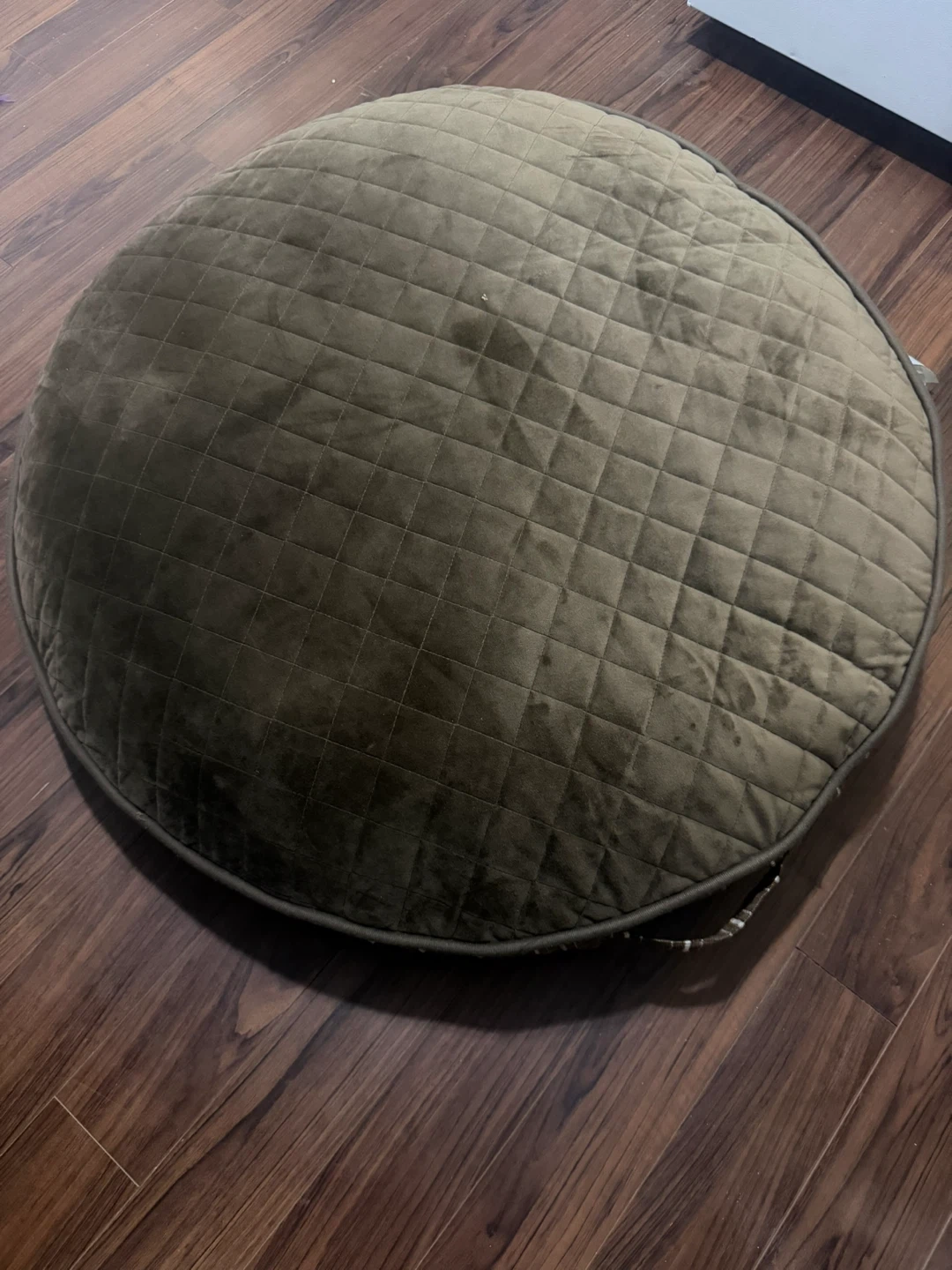 This is a Home4Dog round pet bed, measuring 42 inches in diameter. It's made with a 100% polyester cover and fill. This bed would be useful for a medium to large dog.
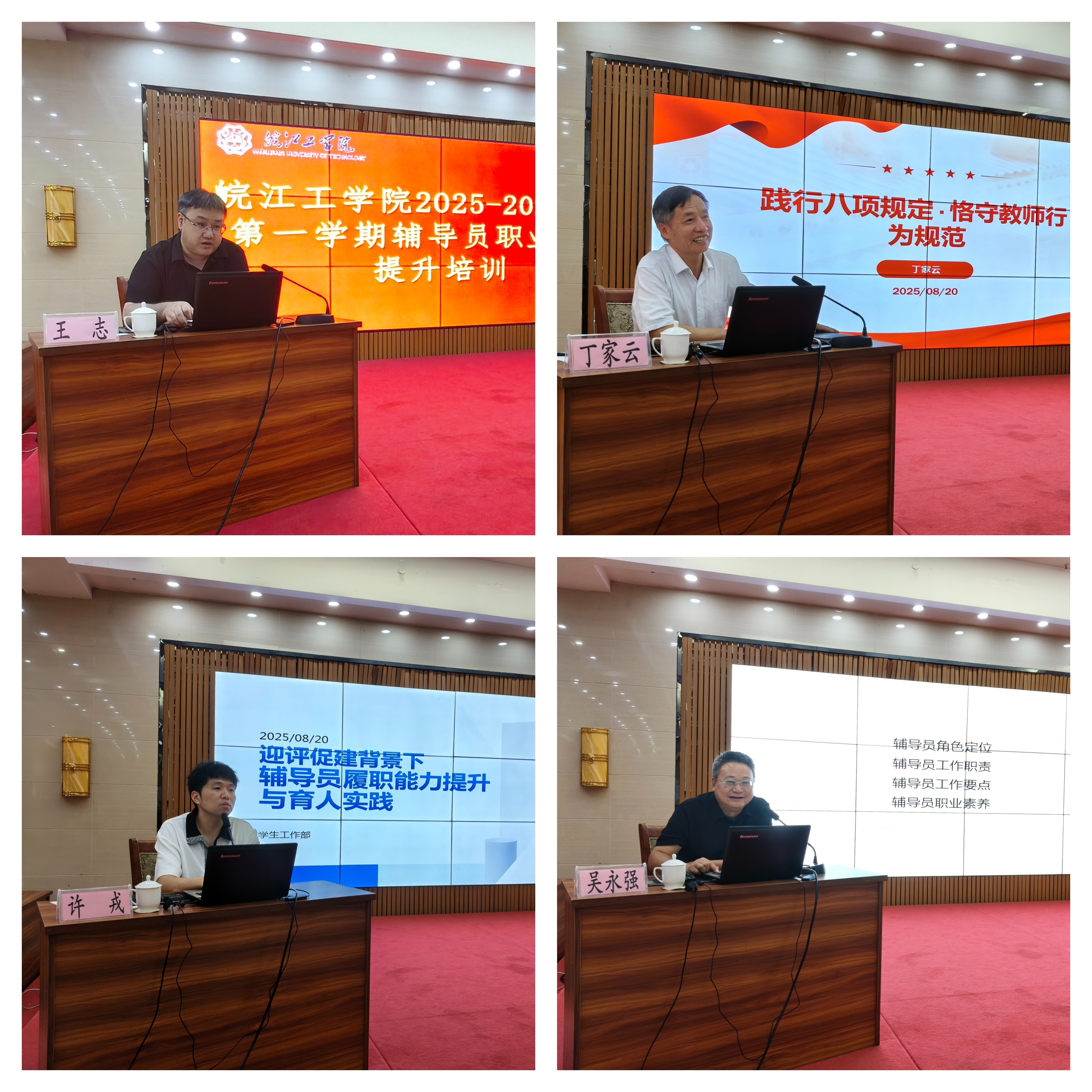 在专题授课环节,省督导专员、校党委书记丁家云围绕“践行八项规定・恪守教师行为规范”,深入解读中央八项规定精神与师德师风建设的内在联系,结合典型案例阐释教师廉洁自律、务实作风的重要性;河海大学常州校区管委会主任吴永强从辅导员角色定位、工作职责、工作要点等方面展开,分享辅导员工作实务经验;学工部副部长许戎聚焦迎评促建背景,系统讲解辅导员履职能力提升路径与育人实践要点,明确本科教学合格评估中的整改任务与协同方法。
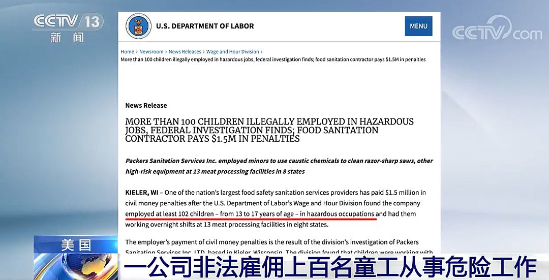 所谓的中国、劳动话术,这是美国为了中国、搞乱中国所的惊世假话,所打出的一个灯号。美国本地时间2月17日,美国劳工部颁布发表,正在美国一大型食物平安卫生办事供应商处出发觉至多102名13至17岁童工被不法雇佣、处置工做。
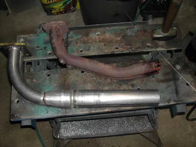 The very first pipe in the system is not stainless. Not that stainless wasn’t my preference but I couldn’t locate stainless mandrel bends in 1.75″ pipe in time. The original twin header pipe was made of 1 and 5/8th tubing and there was just enough room to up that to 1 and 3/4″ and still get it down between the engine and the frame. The flange to the intake was cut from 3/8″ steel plate and the twin pipes merged into a single 2 and a 1/2″ pipe and ended at a stainless three bolt flange. There are two O2 sensor bungs in the collector, one for the car’s O2 sensor and a second for the dyno’s sensor. The flanges were custom cut by Harbor Propeller of Cundy’s Harbor, Maine. As it turned out we didn’t use the dyno bung. From there back it was simply a matter of fitting and welding.
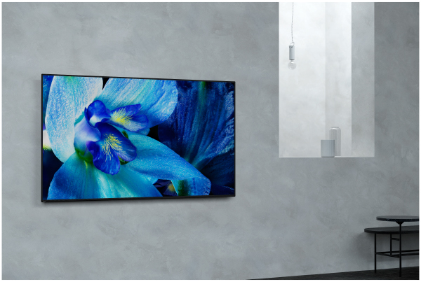 最上位機種の基本性能を踏襲しながらも、テーブルトップ設置時の奥行を約290mmまでスリム化。さまざまな場所にすっきり設置できるデザインで、スタイリッシュな壁掛けスタイルも可能です。ベゼルは限りなく薄く、スピーカーも前面から見えない構造にすることで映像への没入感を高めています。
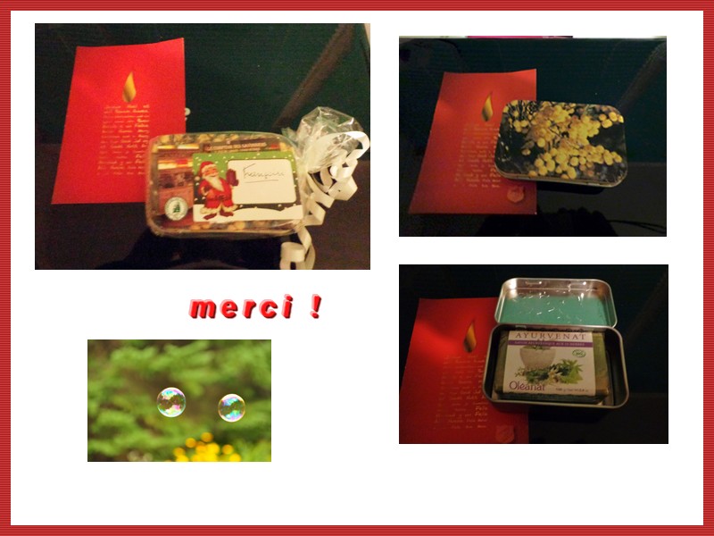 au courrier hier, une jolie boîte, un savon tout nature qui sent hummm bien bon et de gentils voeux !
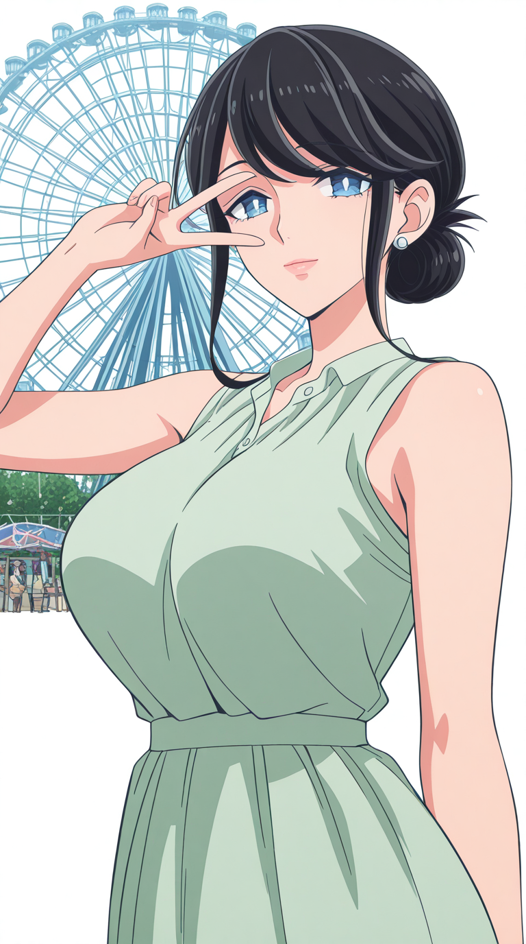 nao shiota, 파란 눈, 검은 머리, 단일 머리 뾰족, 측면 머리카락, 앞머리, 성숙한 여성, 큰 가슴, 애니메이션 스크린캡
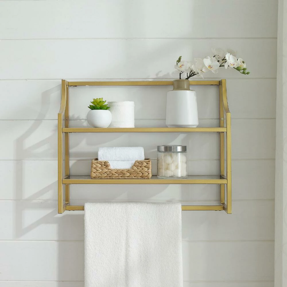 A compact bathroom storage solution, our modern wall shelf neatly stores your essentials without compromising floor space or looks. Complete with a towel bar, it has a sculptural pagoda-style steel frame finished in antique gold that houses two tempered glass shelves for convenient organization with a sleek appeal.
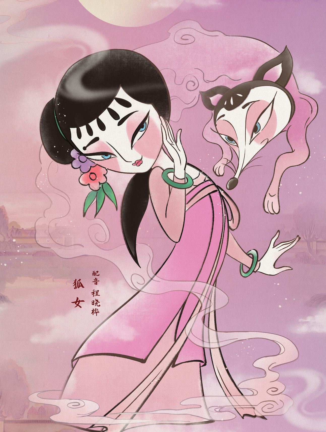 狐女介绍:狐狸幻化为人形的妖精。同老狐狸精以及独脚狐精一起盗得天书,学习天书法术,危害四方百姓,最后被袁公和蛋生处置。
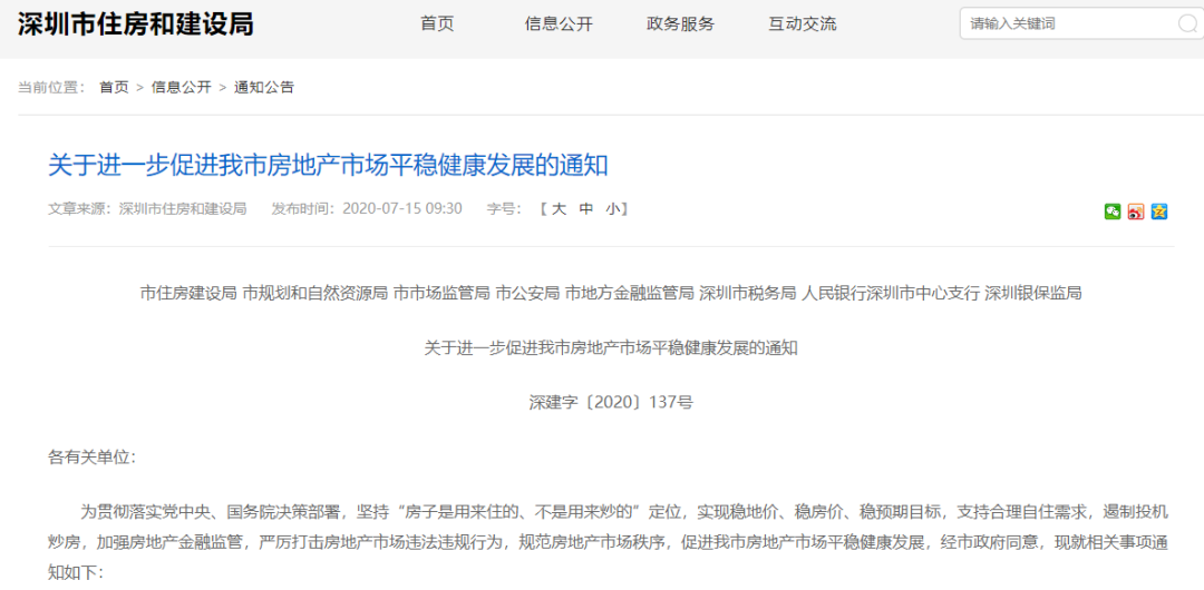 7月15日,深圳市住建局、市规自局、市市场监管局、市公安局、市地方金融监管局、市税务局、人民银行深圳市中心支行、深圳银保监局等8个部门联合发布《关于进一步促进我市房地产市场平稳健康发展的通知》。
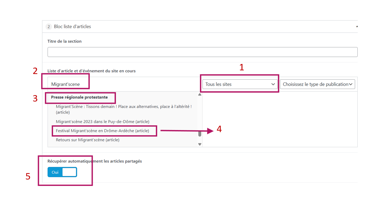 Pour rappel, cette option était déjà disponible pour les articles du site national et des sites régionaux, dans le bloc « liste d’articles ».
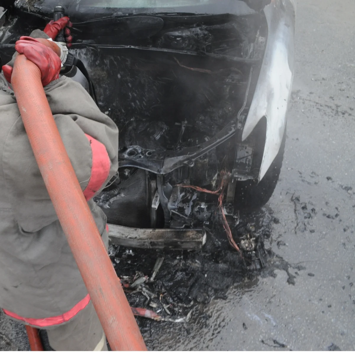 В результате происшествия у автомобиля выгорел моторный отсек, оплавилось лакокрасочное покрытие на передних крыльях автомобиля. Причины возгорания устанавливаются.
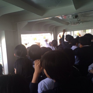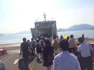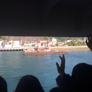 フェリー乗船しました。たくさんの皆さんにお見送りをいただき、島を離れました。

■ ■ ■ ■

=== Problem to solve ===
What is needed is an exact restatement of every line from the one containing "Pour rappel, cette" through the last line of the records, pictures left out.

=== Response to the task ===
 Pour rappel, cette option était déjà disponible pour les articles du site national et des sites régionaux, dans le bloc « liste d’articles ».
 В результате происшествия у автомобиля выгорел моторный отсек, оплавилось лакокрасочное покрытие на передних крыльях автомобиля. Причины возгорания устанавливаются.
 フェリー乗船しました。たくさんの皆さんにお見送りをいただき、島を離れました。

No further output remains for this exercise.